Your assignment →
The answer is the exact run of lines in the listing below from the line containing "マンカラカラハは、るーvs次" up to and including the line containing "Druhým krokem bylo", with pictures removed.

*** Block opens ***

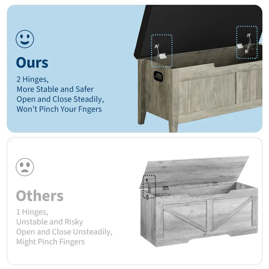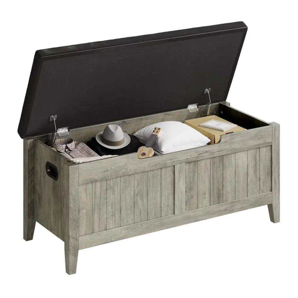Storage Chest, Storage Trunk With Cushion Seat, 2 Safety Hinges, Storage Bench, Wooden Storage Organizer, Shoe Bench Easy Assembly,grey
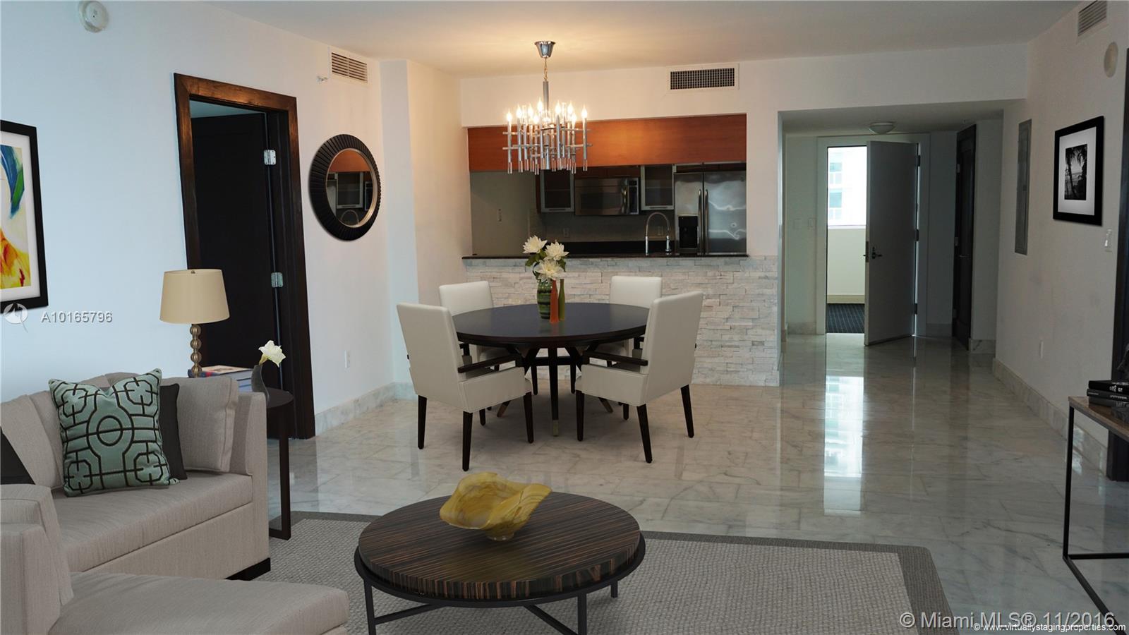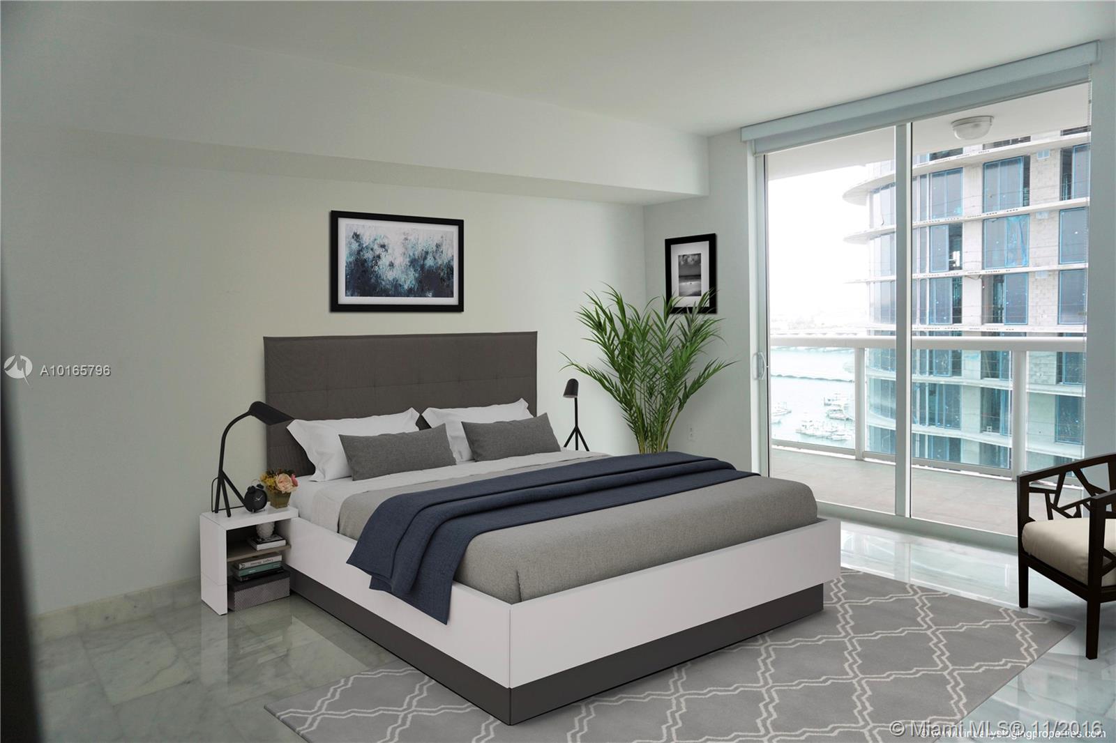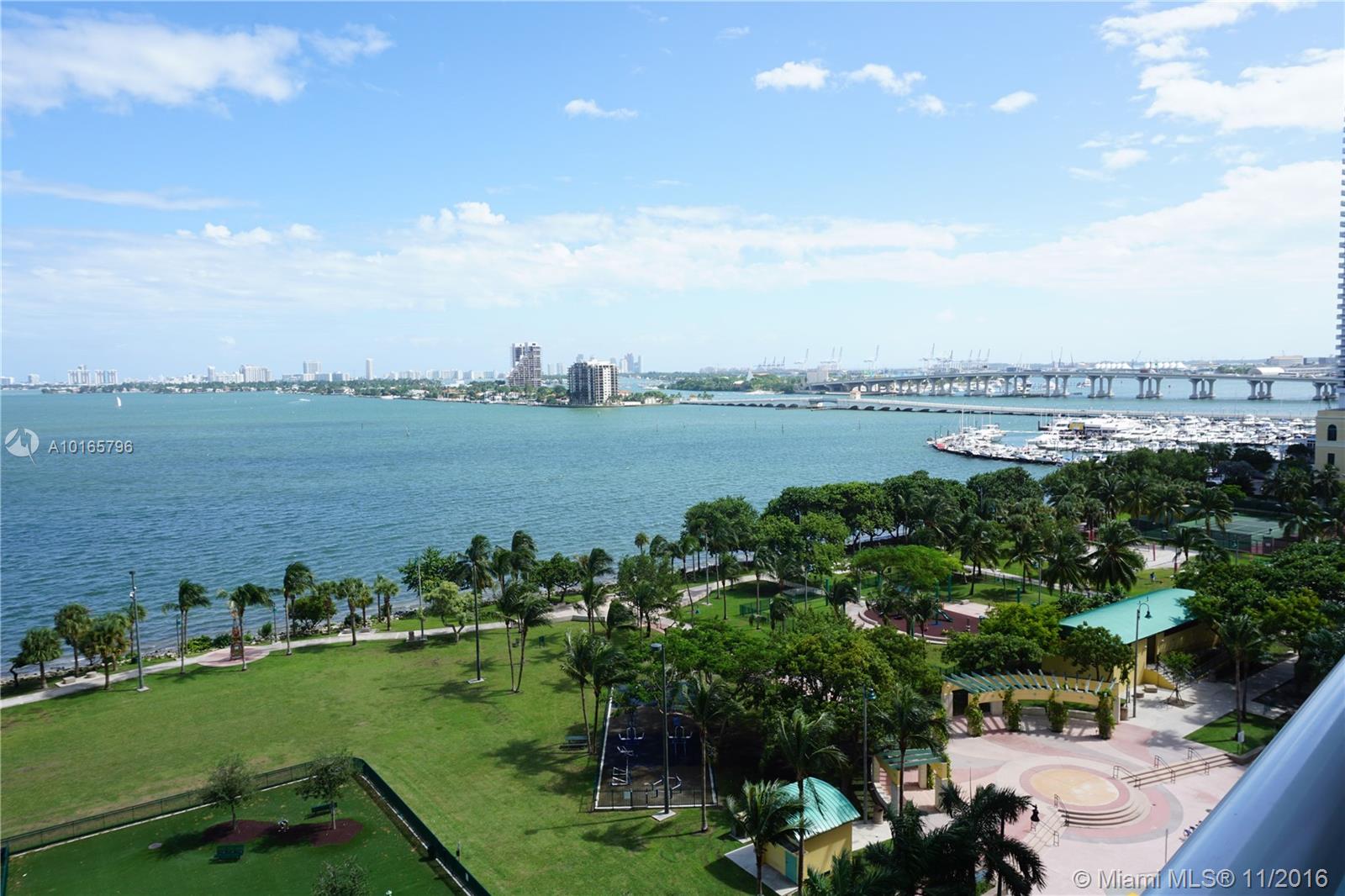 Spacious high floor, spectacular bay & city views with generous full length balcony, floor-to-ceiling impact windows. Amazing kitchen w designer appliances, granite & marble counters, custom built cabinets, imported white marble floors throughout, walk-in closets, glass shower & hot tub. World class amenities inc fitness center, sauna, massage & steam rooms, friendly concierge & valet. Low maintenance fees. Across from Margaret Pace Park offering tennis, basketball, volleyball, tot lot & pet play area.
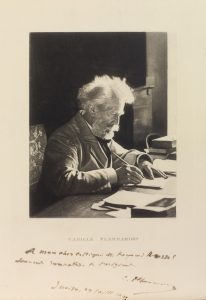 Portrait photographique de Camille Flammarion dédicacé à Raymond Roussel. Juvisy, 1922. Portrait photographique en héliogravure (34 x 26 cm), cadre en bois doré ouvragé. Précieux portrait offert par Camille Flammarion à Raymond Roussel, avec cet envoi autographe signé dans la marge inférieure : A mon cher collègue M. Raymond Roussel, souvenir sympathique de l’original, daté 29 juillet 1922. La photographie a été encadrée par Raymond Roussel et provient de sa collection.
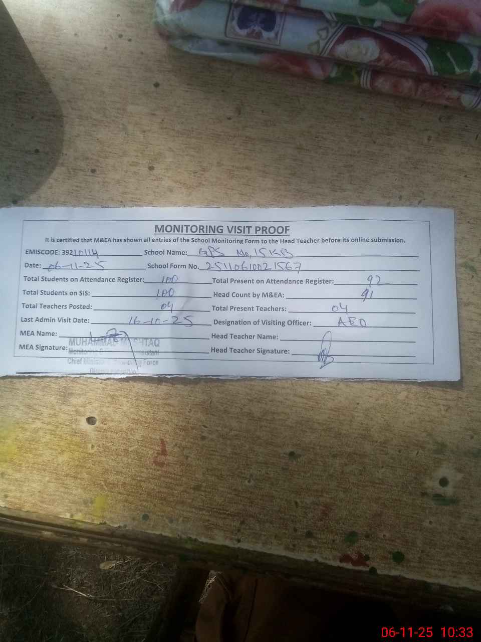 | EMIS Code: 39210114 | Name of School: GPS CHAK NO 15 KB | |||
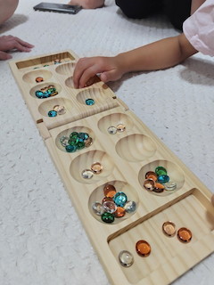 マンカラカラハは、るーvs次女と私という、大人2人掛かりでかろうじて勝ったのですが、ナインタイルは大敗(;^_^A
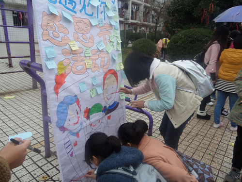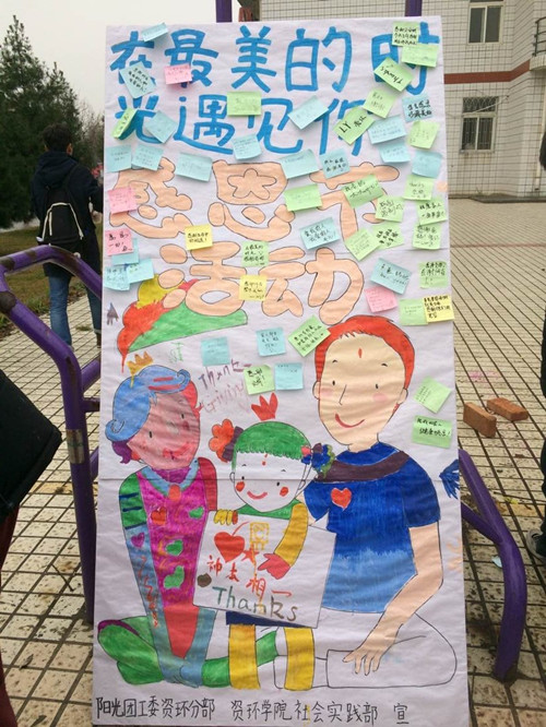本次感恩节活动分为“感谢你,我爱的人”“Thanks To The World”“心怀感恩,绘出梦想”三部分。活动中,同学们积极的在条幅上签名,表达自己的感恩之心。宣传板也是此次活动的一大亮点,参加活动的同学们积极的为图画涂上了绚丽的色彩,同时在画板上贴满写着祝福的便利贴,便利贴随风飘动就像一只只载满爱的信鸽飞向远方的亲人,在冬季的校园里刮起了一阵温暖的感恩之风。
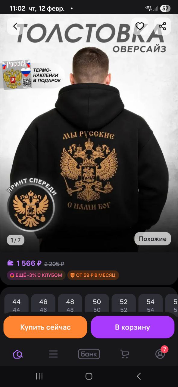 Но и это ещё не всё. У этого же продавца имеются толстовки и с другим принтом, где красуется надпись "Мы русские! С нами Бог!". В общем, и нашим и вашим, и споем и спляшем.
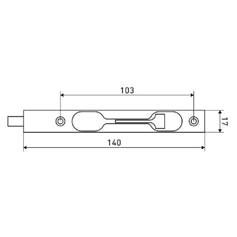 Шпингалет врезной торцевой для деревянных дверей. Материал - сталь, гальваническое покрытие. Длина корпуса - 140 мм, вылет ригеля - 12 мм. В комплекте ответная планка и крепежные шурупы.
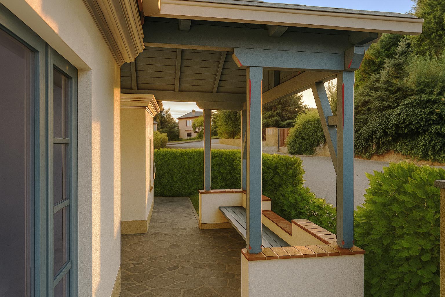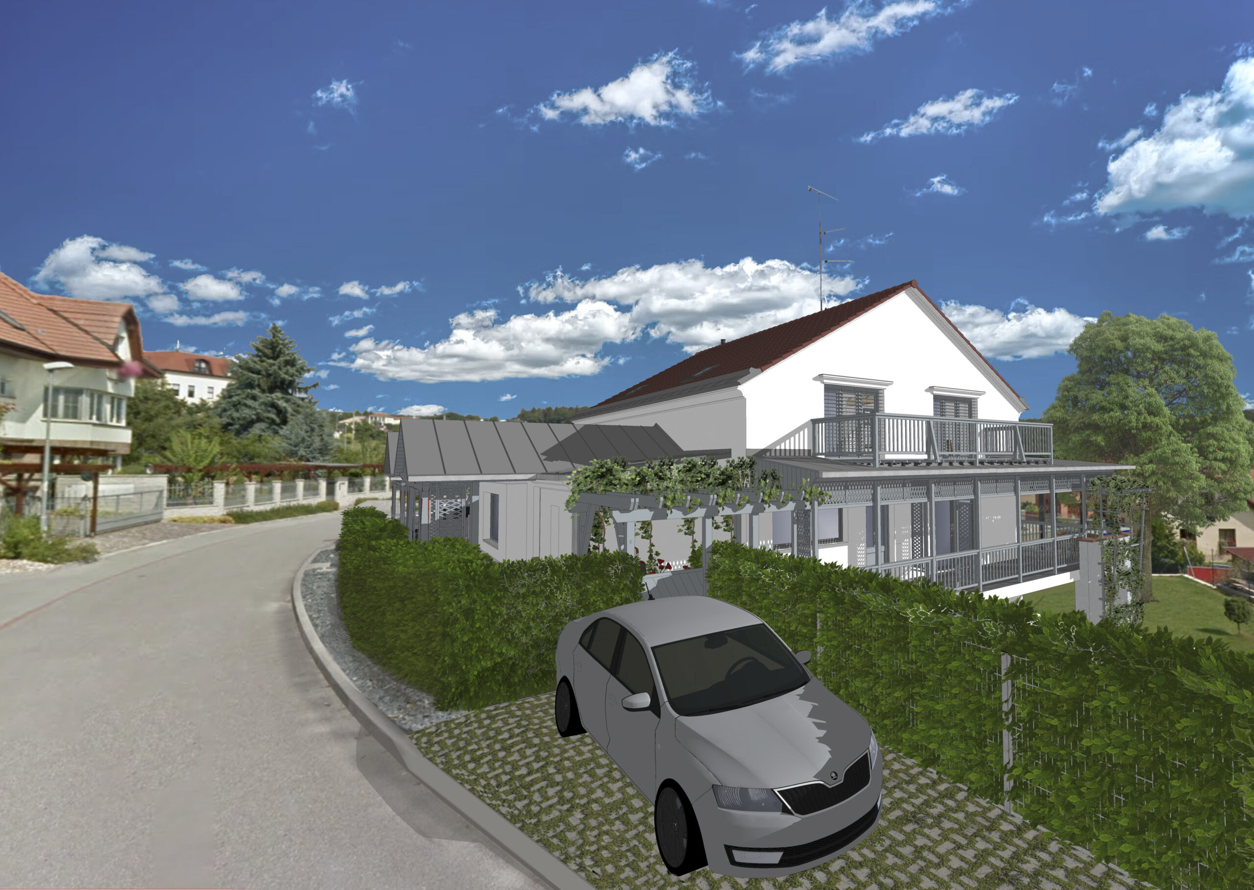 Druhým krokem bylo vytvoření nového vstupu pro byt v 1.NP. K tomu jsme využili prodloužení stávající terasy a orientaci k novému vstupu s novým parkovacím místem.
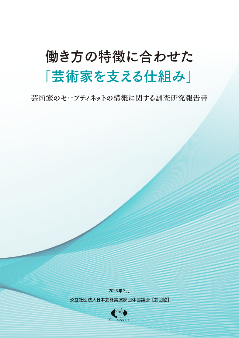 芸団協では、2022年度から、「芸術家の社会保障等に関する研究」を開始し、国内外の制度の研究を進めています。そして、研究のまとめとして2024年4月に、次世代を担う若者にとっても魅力ある現場となるよう、実演家、スタッフ、制作事業者が手を取り合い、実演芸術業界の労働環境をより良くしていくための「芸術家のための互助の仕組み」づくりを提案しました。
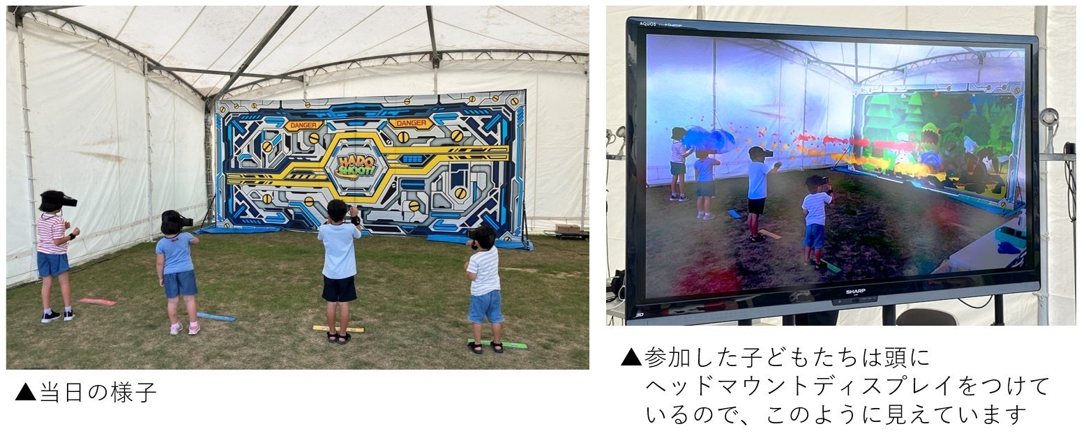 このイベントは松山商工会議所が主催で開催され、参加企業は子どもが楽しめるイベントブースを準備しました。このたび弊社もイベントブースとして、超体感AR「HADO」を展開している株式会社meleapの「HADO SHOOT!」を提供し、約300名の子どもたちにAR(拡張現実)のアトラクションを楽しんでいただきました。

*** Block closes ***

Output of the task →
 マンカラカラハは、るーvs次女と私という、大人2人掛かりでかろうじて勝ったのですが、ナインタイルは大敗(;^_^A
本次感恩节活动分为“感谢你,我爱的人”“Thanks To The World”“心怀感恩,绘出梦想”三部分。活动中,同学们积极的在条幅上签名,表达自己的感恩之心。宣传板也是此次活动的一大亮点,参加活动的同学们积极的为图画涂上了绚丽的色彩,同时在画板上贴满写着祝福的便利贴,便利贴随风飘动就像一只只载满爱的信鸽飞向远方的亲人,在冬季的校园里刮起了一阵温暖的感恩之风。
 Но и это ещё не всё. У этого же продавца имеются толстовки и с другим принтом, где красуется надпись "Мы русские! С нами Бог!". В общем, и нашим и вашим, и споем и спляшем.
 Шпингалет врезной торцевой для деревянных дверей. Материал - сталь, гальваническое покрытие. Длина корпуса - 140 мм, вылет ригеля - 12 мм. В комплекте ответная планка и крепежные шурупы.
 Druhým krokem bylo vytvoření nového vstupu pro byt v 1.NP. K tomu jsme využili prodloužení stávající terasy a orientaci k novému vstupu s novým parkovacím místem.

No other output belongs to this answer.